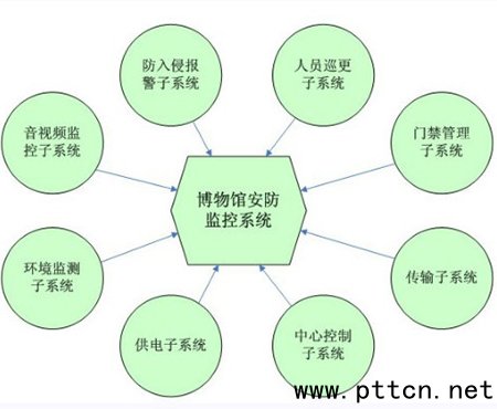 圖1 而從博物館安防監(jiān)控系統(tǒng)的實(shí)際需求來(lái)看,整個(gè)系統(tǒng)應(yīng)包括音視頻監(jiān)控子系統(tǒng)、防入侵報(bào)警子系統(tǒng)、人員巡更子系統(tǒng)、門禁管理子系統(tǒng)、傳輸子系統(tǒng)、中心控制子 系統(tǒng)、供電子系統(tǒng)、環(huán)境監(jiān)測(cè)子系統(tǒng)等。
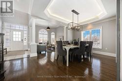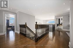 Welcome to 41 Apsley Crescent! From the moment you arrive, this home impresses with inviting curb appeal, a charming front porch, and a rare pool-size lot featuring two side-yard gates, parking for six vehicles, and no sidewalk to shovel!!! Step inside to a bright, open-concept layout flooded with natural light. Thoughtful upgrades include extensive pot lighting, custom wainscoting, crown moulding, and gorgeous hardwood floors throughout-anchored by a grand centre-hall staircase. The formal sunken living room and elegant dining room with coffered ceiling provide the perfect setting for entertaining. The gourmet kitchen is a showstopper, boasting vaulted ceilings, built-in stainless steel appliances, custom subway tile backsplash, quartz countertops, and a working centre island with breakfast bar. The adjoining breakfast area features a garden door walk-out to a brand-new entertainer's deck (2024) and a fully fenced backyard (2025) complete with a garden shed and relaxing Scandinavian sauna (2025). Additional main-floor highlights include a convenient laundry room with side-door entry. Upstairs, a versatile den offers an ideal space for home offices or studies. The main level primary retreat features a walk-in closet and a 4-piece ensuite, while all bedrooms offer generous closet space and large windows. The finished basement (2025) adds valuable living space with pot lights, above-grade windows, and ample storage. Perfectly located just steps to top-ranked Brooklin Village Public School with French Immersion, minutes to UOIT/Durham College, close to multiple golf courses, parks, and trails-and within walking distance to shopping plazas. A turnkey home designed for comfort, style, and everyday living! (id:27)
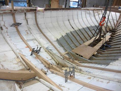 New steam bent oak ribs installed in the Herreshoff 12.5
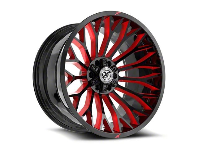 This 22x12 XF Offroad XF-237 Gloss Black and Red Milled Wheel; 22x12; -44mm Offset is completed in a high-quality gloss black finish with red accents to make your wheel the envy of everyone. For added looks and durability, the wheels has a durable clear coat that withstand the rigors of daily driving.
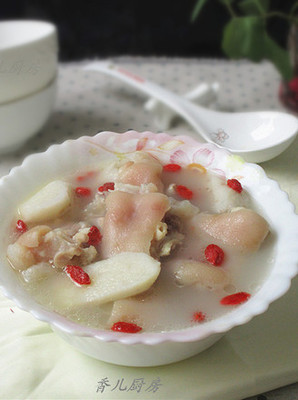 材料猪蹄1只,当归20克,葱姜若干做法1。猪蹄洗净,切成大块,放入沸水中煮两分钟,去腥,捞出。是的,你可以。做法猪蹄1000克,山药500克,大枣40枚,料酒25克,酱油60克,葱20克,姜10克,味精、花椒、八角、茴香各少许,盐适量。做法:1。山药、大枣洗净,放入碗中用清水浸泡;2.猪蹄洗净,四煮,捞出,用酱油拌匀;
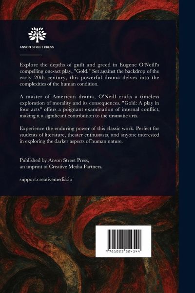 Explore the depths of guilt and greed in Eugene O'Neill's compelling one-act play, "Gold." Set against the backdrop of the early 20th century, this powerful drama delves into the complexities of the human condition. A master of American drama, O'Neill crafts a timeless exploration of morality and its consequences. "Gold: A play in four acts" offers a poignant examination of internal conflict, making it a significant contribution to the dramatic arts. Experience the enduring power of this classic work. Perfect for students of literature, theater enthusiasts, and anyone interested in exploring the darker aspects of human nature. This work has been selected by scholars as being culturally important, and is part of the knowledge base of civilization as we know it. This work is in the public domain in the United States of America, and possibly other nations. Within the United States, you may freely copy and distribute this work, as no entity (individual or corporate) has a copyright on the body of the work. Scholars believe, and we concur, that this work is important enough to be preserved, reproduced, and made generally available to the public. We appreciate your support of the preservation process, and thank you for being an important part of keeping this knowledge alive and relevant.

__EXERCISE AIM__. Leave the pictures out and restate the listing word for word.

__RESPONSE BELOW__.
 圖1 而從博物館安防監(jiān)控系統(tǒng)的實(shí)際需求來(lái)看,整個(gè)系統(tǒng)應(yīng)包括音視頻監(jiān)控子系統(tǒng)、防入侵報(bào)警子系統(tǒng)、人員巡更子系統(tǒng)、門禁管理子系統(tǒng)、傳輸子系統(tǒng)、中心控制子 系統(tǒng)、供電子系統(tǒng)、環(huán)境監(jiān)測(cè)子系統(tǒng)等。
 Welcome to 41 Apsley Crescent! From the moment you arrive, this home impresses with inviting curb appeal, a charming front porch, and a rare pool-size lot featuring two side-yard gates, parking for six vehicles, and no sidewalk to shovel!!! Step inside to a bright, open-concept layout flooded with natural light. Thoughtful upgrades include extensive pot lighting, custom wainscoting, crown moulding, and gorgeous hardwood floors throughout-anchored by a grand centre-hall staircase. The formal sunken living room and elegant dining room with coffered ceiling provide the perfect setting for entertaining. The gourmet kitchen is a showstopper, boasting vaulted ceilings, built-in stainless steel appliances, custom subway tile backsplash, quartz countertops, and a working centre island with breakfast bar. The adjoining breakfast area features a garden door walk-out to a brand-new entertainer's deck (2024) and a fully fenced backyard (2025) complete with a garden shed and relaxing Scandinavian sauna (2025). Additional main-floor highlights include a convenient laundry room with side-door entry. Upstairs, a versatile den offers an ideal space for home offices or studies. The main level primary retreat features a walk-in closet and a 4-piece ensuite, while all bedrooms offer generous closet space and large windows. The finished basement (2025) adds valuable living space with pot lights, above-grade windows, and ample storage. Perfectly located just steps to top-ranked Brooklin Village Public School with French Immersion, minutes to UOIT/Durham College, close to multiple golf courses, parks, and trails-and within walking distance to shopping plazas. A turnkey home designed for comfort, style, and everyday living! (id:27)
 New steam bent oak ribs installed in the Herreshoff 12.5
 This 22x12 XF Offroad XF-237 Gloss Black and Red Milled Wheel; 22x12; -44mm Offset is completed in a high-quality gloss black finish with red accents to make your wheel the envy of everyone. For added looks and durability, the wheels has a durable clear coat that withstand the rigors of daily driving.
 材料猪蹄1只,当归20克,葱姜若干做法1。猪蹄洗净,切成大块,放入沸水中煮两分钟,去腥,捞出。是的,你可以。做法猪蹄1000克,山药500克,大枣40枚,料酒25克,酱油60克,葱20克,姜10克,味精、花椒、八角、茴香各少许,盐适量。做法:1。山药、大枣洗净,放入碗中用清水浸泡;2.猪蹄洗净,四煮,捞出,用酱油拌匀;
 Explore the depths of guilt and greed in Eugene O'Neill's compelling one-act play, "Gold." Set against the backdrop of the early 20th century, this powerful drama delves into the complexities of the human condition. A master of American drama, O'Neill crafts a timeless exploration of morality and its consequences. "Gold: A play in four acts" offers a poignant examination of internal conflict, making it a significant contribution to the dramatic arts. Experience the enduring power of this classic work. Perfect for students of literature, theater enthusiasts, and anyone interested in exploring the darker aspects of human nature. This work has been selected by scholars as being culturally important, and is part of the knowledge base of civilization as we know it. This work is in the public domain in the United States of America, and possibly other nations. Within the United States, you may freely copy and distribute this work, as no entity (individual or corporate) has a copyright on the body of the work. Scholars believe, and we concur, that this work is important enough to be preserved, reproduced, and made generally available to the public. We appreciate your support of the preservation process, and thank you for being an important part of keeping this knowledge alive and relevant.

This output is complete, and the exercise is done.